First step is to check what address is accessed whenever a write or read to global_variable happens. For that we can use objdump -D -j .text test command to disassemble the code and look at the main function:
0000000000001150 <main>:
1150: 55 push %rbp
1151: 48 89 e5 mov %rsp,%rbp
1154: 48 8b 05 8d 2e 00 00 mov 0x2e8d(%rip),%rax # 3fe8 <global_variable>
115b: c7 00 03 00 00 00 movl $0x3,(%rax)
1161: bf 10 00 00 00 mov $0x10,%edi
1166: e8 d5 fe ff ff call 1040 <XOR#plt>
116b: 89 c6 mov %eax,%esi
116d: 48 8d 3d 90 0e 00 00 lea 0xe90(%rip),%rdi # 2004 <_IO_stdin_used+0x4>
1174: b0 00 mov $0x0,%al
1176: e8 b5 fe ff ff call 1030 <printf#plt>
117b: 31 c0 xor %eax,%eax
117d: 5d pop %rbp
117e: c3 ret
117f: 90 nop
Numbers in the first column are not absolute addresses - instead they are offsets relative to the base address at which the executable will be loaded. For the sake of explanation i will refer to them as "offsets".

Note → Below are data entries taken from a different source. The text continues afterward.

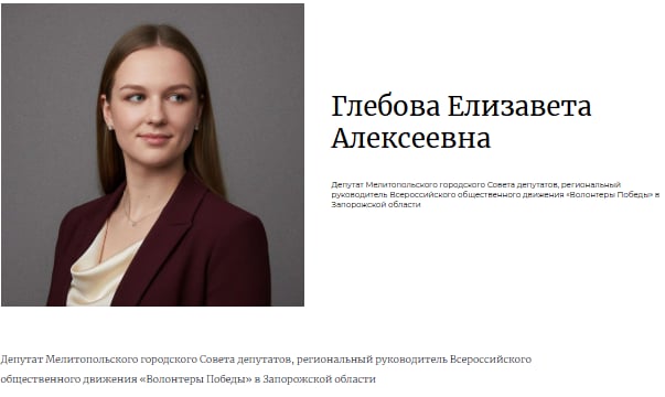 За інформацією сайту “Волонтери Перемоги”, регіональною координаторкою діяльності в Запорізькій області є Єлізавета Глєбова. Вона місцева колаборантка, також є депутаткою окупаційної міської ради депутатів від “Єдиної Росії”.
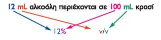 2.3.3 Περιεκτικότητα διαλύματος στα εκατό όγκο προς όγκο (% v/v) Οι περιεκτικότητες που γνωρίσαμε παραπάνω χρησιμοποιούνται κυρίως όταν η διαλυμένη ουσία είναι στερεή ή υγρή. Στα διαλύματα αλκοόλης σε νερό (ποτά) και στα διαλύματα αερίων σε αέριο (π.χ. οξυγόνο ή διοξείδιο του άνθρακα στον αέρα) χρησιμοποιούμε συνήθως μια άλλη έκφραση περιεκτικότητας. Στην ετικέτα ενός μπουκαλιού με κόκκινο κρασί διαβάζουμε: αλκοόλη 12 νοl. Η έκφραση 12 νοl, η οποία στην ολοκληρωμένη μορφή της είναι 12% ν/ν, δηλώνει την περιεκτικότητα ενός διαλύματος στα εκατό όγκο προς όγκο και είναι μια συντομογραφία της σχέσης: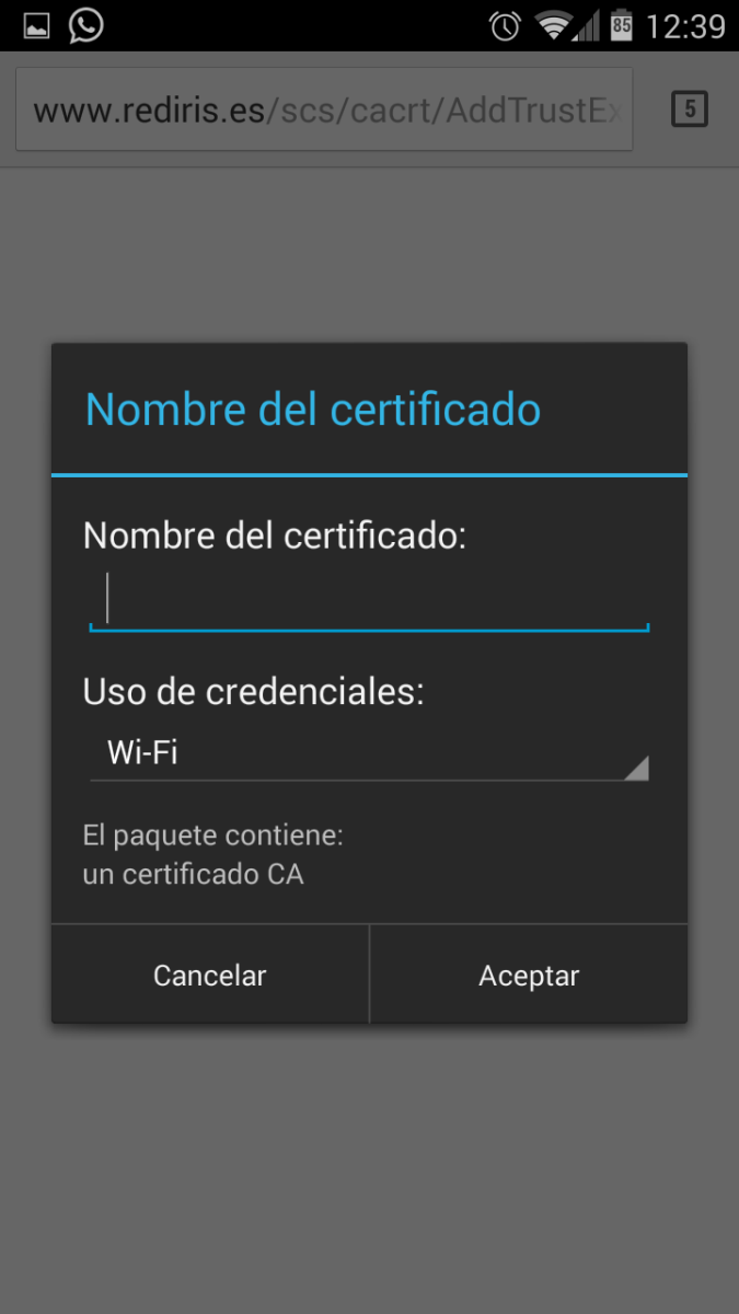 En certificados de confianza me aparecen varios de sistema pero de usuario no me aparece nada.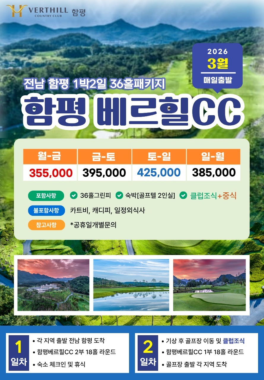 | 전남골프 함평 엘리체CC 3월 1박2일골프 패키지 (0) | 2026.02.22 |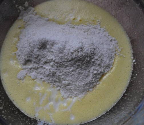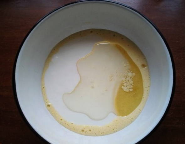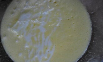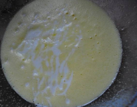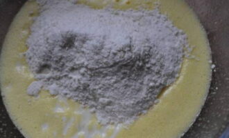 - Giet kefir bij het eiermengsel. Roer de massa.

The assembly at offset 0x115b and 0x1161 comes directly from the line global_variable = 3; in your code. To confirm that, you could compile the program with -g for debug symbols and invoke objdump with -S. This will display source code above corresponding assembly.

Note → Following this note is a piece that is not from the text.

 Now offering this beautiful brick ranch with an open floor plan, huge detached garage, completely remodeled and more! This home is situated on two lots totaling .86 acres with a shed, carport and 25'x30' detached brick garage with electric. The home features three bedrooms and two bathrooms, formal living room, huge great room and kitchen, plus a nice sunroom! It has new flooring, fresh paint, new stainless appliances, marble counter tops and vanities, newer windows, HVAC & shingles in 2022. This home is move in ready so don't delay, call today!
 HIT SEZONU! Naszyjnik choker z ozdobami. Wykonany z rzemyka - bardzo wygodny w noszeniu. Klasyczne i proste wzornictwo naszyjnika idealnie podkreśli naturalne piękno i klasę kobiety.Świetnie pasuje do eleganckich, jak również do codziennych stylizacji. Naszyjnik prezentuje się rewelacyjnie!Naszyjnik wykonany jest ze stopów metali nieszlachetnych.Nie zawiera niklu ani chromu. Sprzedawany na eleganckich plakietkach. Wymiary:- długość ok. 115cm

We will focus on what these two instructions are doing. First instruction is a mov of 8 bytes from a location in memory to the rax register. The location in memory is given as relative to the current rip value, offset by a constant 0x2e8d. Objdump already calculated the value for us, and it is equal to 0x3fe8. So this will take 8 bytes present in memory at the 0x3fe8 offset and store them in the rax register.
Next instruction is again a mov, the suffix l tells us that data size is 4 bytes this time. It stores a 4 byte integer with value equal to 0x3 in the location pointed to by the current value of rax (not in the rax itself! brackets around a register such as those in (%rax) signify that the location in the instruction is not the register itself, but rather where its contents are pointing to!).

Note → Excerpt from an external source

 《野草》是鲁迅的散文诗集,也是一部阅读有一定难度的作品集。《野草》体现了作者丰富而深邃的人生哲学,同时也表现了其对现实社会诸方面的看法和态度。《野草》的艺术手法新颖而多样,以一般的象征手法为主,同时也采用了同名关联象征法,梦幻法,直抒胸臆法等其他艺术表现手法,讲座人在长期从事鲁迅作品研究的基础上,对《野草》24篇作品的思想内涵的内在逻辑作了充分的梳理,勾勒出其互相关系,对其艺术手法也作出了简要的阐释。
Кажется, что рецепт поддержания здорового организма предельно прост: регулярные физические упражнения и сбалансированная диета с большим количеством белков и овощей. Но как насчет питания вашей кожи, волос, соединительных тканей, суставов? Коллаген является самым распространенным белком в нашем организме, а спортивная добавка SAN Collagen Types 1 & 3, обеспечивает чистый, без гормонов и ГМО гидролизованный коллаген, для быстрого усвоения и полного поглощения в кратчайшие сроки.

To summarize, we read a pointer to a 4 byte variable from a certain location at offset 0x3fe8 and later store an immediate value of 0x3 at the location specified by said pointer. Now the question is: where does that offset of 0x3fe8 come from?
It actually comes from GOT. To show the contents of the .got section we can use the objdump -s -j .got test command. -s means we want to focus on actual raw contents of the section, without any disassembling. The output in my case is:
test: file format elf64-x86-64
Contents of section .got:
3fd0 00000000 00000000 00000000 00000000 ................
3fe0 00000000 00000000 00000000 00000000 ................
3ff0 00000000 00000000 00000000 00000000 ................
The whole section is obviously set to zero, as GOT is populated with data after loading the program into memory, but what is important is the address range. We can see that .got starts at 0x3fd0 offset and ends at 0x3ff0. This means it also includes the 0x3fe8 offset - which means the location of global_variable is indeed stored in GOT.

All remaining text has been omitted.